Nulla di “buono e bello”, quindi? No. Affatto. Il bicchiere mezzo pieno c’è. Parlo di Intesa San Paolo, banca che sta uscendo, come promesso, dal circuito delle Banche Armate. Nell’ultima relazione aveva solo poche migliaia di euro. Quasi promossa, a differenza di Unicredit che continua sia a finanziare il Meeting e sia a rimanere nella top ten dei finanziatori del mercato d’armi…..di nuove guerre ne sentivamo proprio il bisogno!
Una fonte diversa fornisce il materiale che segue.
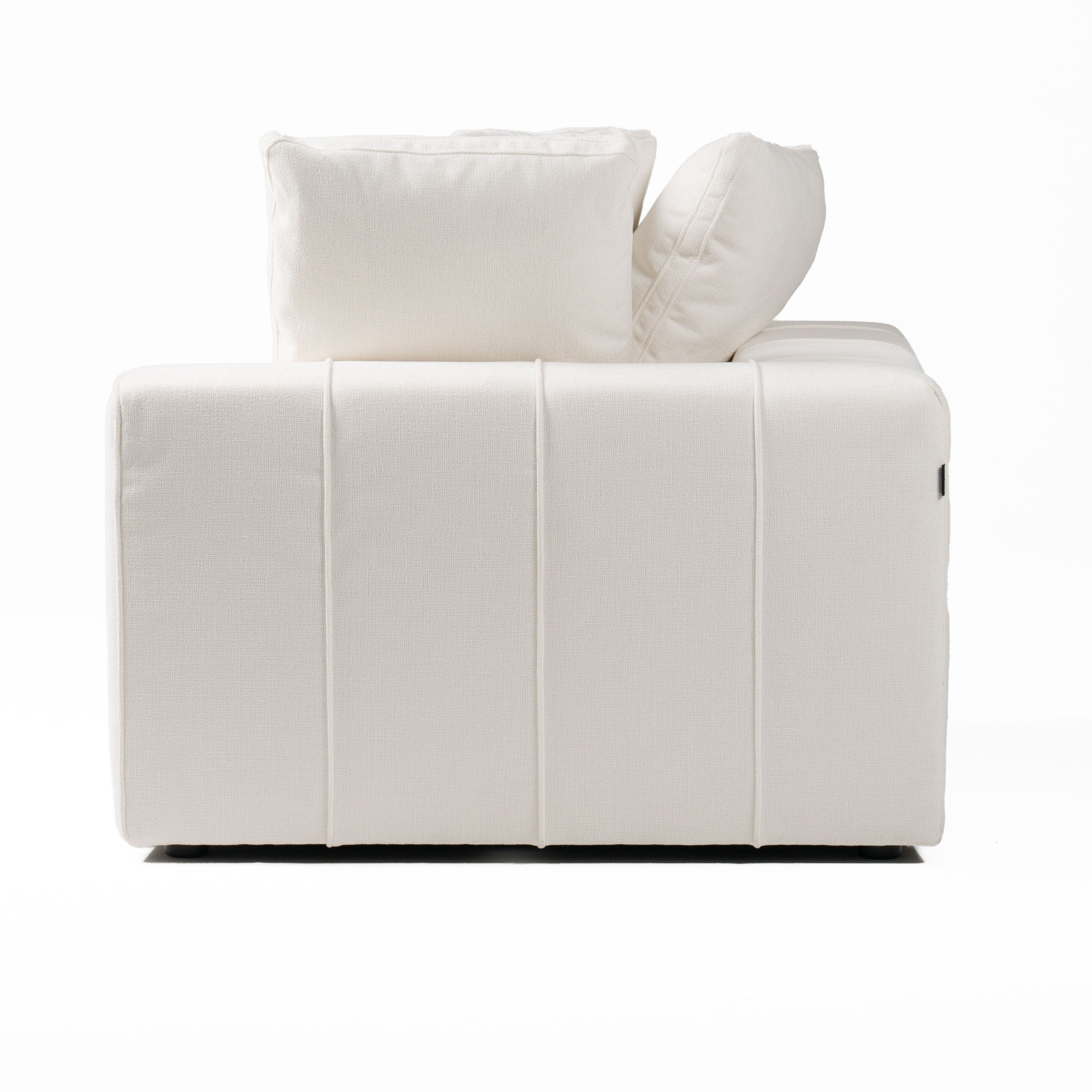 The Vicki Sectional redefines luxury with its contemporary lines and roomy seats. The set is modular and comes with three armless chairs, three corner pieces and one ottoman which allows you to set it up in the perfect configuration for your living space! The removable cushions and cushion covers make it incredibly easy to wash. The foam and fiber fill are soft, letting you sink in after a long day. The addition of the ottoman provides an additional place to sit or allows you to stretch out on the sofa. Capable of seating up to eight people, it is perfect for entertaining and goes perfectly in a coastal or farmhouse style home.

Poi E-vai un’azienda lombarda di car sharing ecologico che propone sistemi innovativi ed alternativi all’auto privata….Pieni voti. Il Conai – Consorzio Nazionale Imballaggi che ha un’attenzione quasi spasmodica alla raccolta differenziata. Ed infine Unilever che ha accettato i suggerimenti di Greenpeace per uscire dallo sfruttamento delle foreste pluviali asiatiche.
Questi ultimi sponsor dimostrano che se si vuole “un altro mondo possibile”….si può.
Ps. Non è la prima volta che poniamo il problema ma, a differenza di altri, gli organizzatori targati CDO continuano imperterriti. Si sa; chi agisce “in Nomine Dei” non sbaglia. Titolo del meeting: “la natura dell’uomo è rapporto con l’infinito”. Da non intendere come infinità di contributi a prescindere dal profilo etico. Il tutto avrà inizio il 19 agosto. Auguriamo un’ampia ma soprattutto critica partecipazione.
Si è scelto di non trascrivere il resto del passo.